Content starts
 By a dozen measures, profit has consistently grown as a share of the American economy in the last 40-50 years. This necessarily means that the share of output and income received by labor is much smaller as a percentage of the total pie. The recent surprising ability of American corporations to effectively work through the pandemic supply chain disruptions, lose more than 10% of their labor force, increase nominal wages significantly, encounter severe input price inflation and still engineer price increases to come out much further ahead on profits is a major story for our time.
Content ends
Content starts
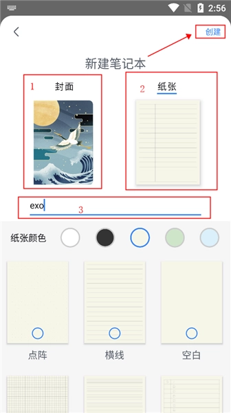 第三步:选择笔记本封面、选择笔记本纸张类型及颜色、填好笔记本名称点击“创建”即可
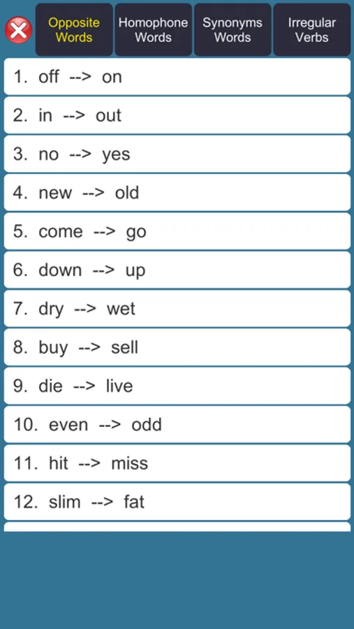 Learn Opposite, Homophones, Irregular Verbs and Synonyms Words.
Content ends
** EXERCISE DETAILS **
Please repeat, exactly as written, the lines in the records above, starting with the one that has "第三步:选择笔记本封面、选择" and going on through the one that has "Learn Opposite, Homophones, Irregular". Pictures are to be left out.

** RESULT OF THIS TASK **
 第三步:选择笔记本封面、选择笔记本纸张类型及颜色、填好笔记本名称点击“创建”即可
 Learn Opposite, Homophones, Irregular Verbs and Synonyms Words.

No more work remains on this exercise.